I'll probably take SS next year at SS full withdrawal (primarily to make it easier for DW to spend more).

But, my thinking is to move the brokerage account, which is now getting much bigger, to a couple index funds and municipals. This is an alternative to Roths, since selling the munis won't incur much tax, although if the index funds keep growing, selling them will eventually incur capital gains.

Comments? I realize the Roth rollover will be preferred by most here but for us it won't happen. Right now it's about 1/4 municipal CEFs, 1/4 index, 1/4 cash, and 1/4 CEF bond/REIT/infrastructure.

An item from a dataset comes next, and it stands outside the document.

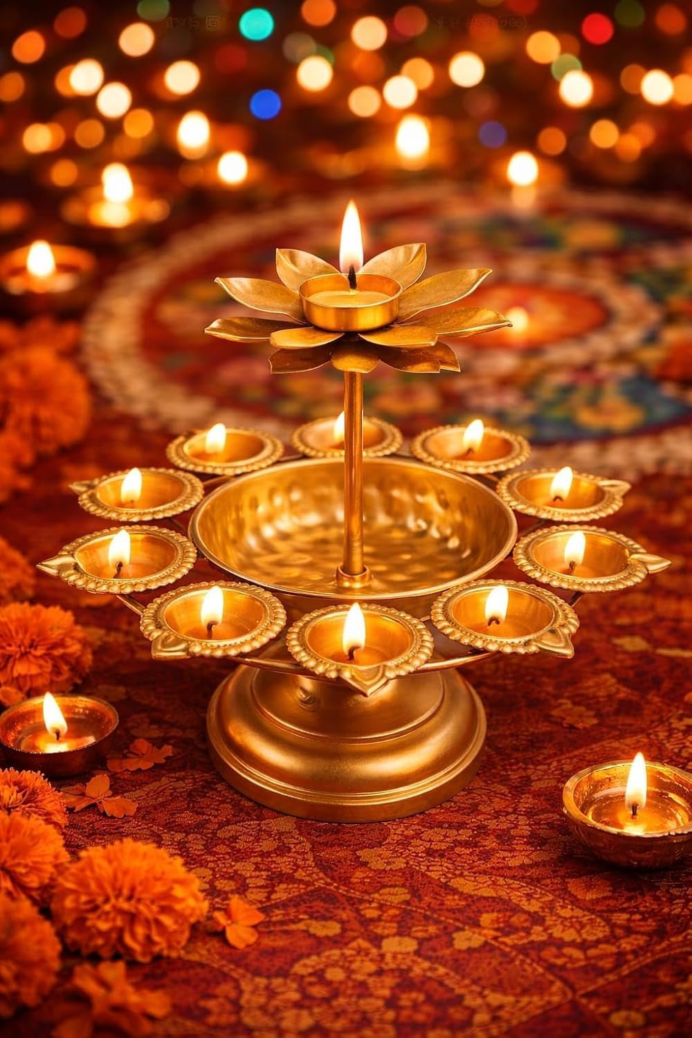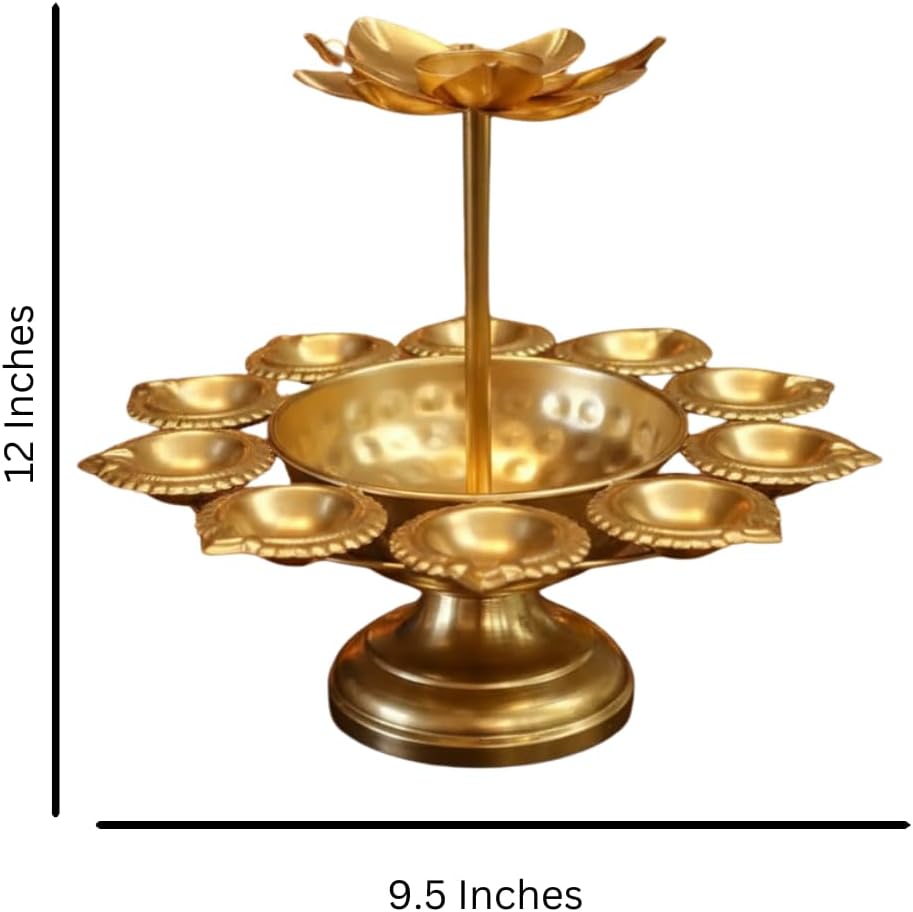 Features 9 evenly placed outer diyas surrounding a central raised lotus diya, creating a grand and symmetrical display of light.

I think the correct move eventually is to move to muni CEFs and index funds as the brokerage pile gets bigger since we don't spend everything we withdraw. It's kind of an emergency fund/BTD pile. And it's kind of comforting, I have to admit. Unless an earthquake levels the house there isn't much I can project to drain it but it is there. (150k now).

I don't understand the appeal, unless you're significantly under 59.5 and expect to need the money before then.

Otherwise, sure, the tax bill might be low in taxable, but it'd be zero in a Roth. Accessibility to the funds and investment options should be essentially the same.

I guess the other benefit would be tax loss harvesting, but that doesn't appeal to me much personally as a LTBH investor.
 
I'm 65 going on 66. I understand the Roth conversion, but the question is assuming you AREN'T doing Roth Conversions, where would you place the money. Just to be clear; I guess I wasn't clear.
 
I'm 65 going on 66. I understand the Roth conversion, but the question is assuming you AREN'T doing Roth Conversions, where would you place the money. Just to be clear; I guess I wasn't clear.

It's hard to give advice for the best thing to do when you continually ignore the advice on the best thing to do. In the time you've asked your questions you probably could've had a Roth account opened. Good luck to you, but as far as I'm concerned you are on your own.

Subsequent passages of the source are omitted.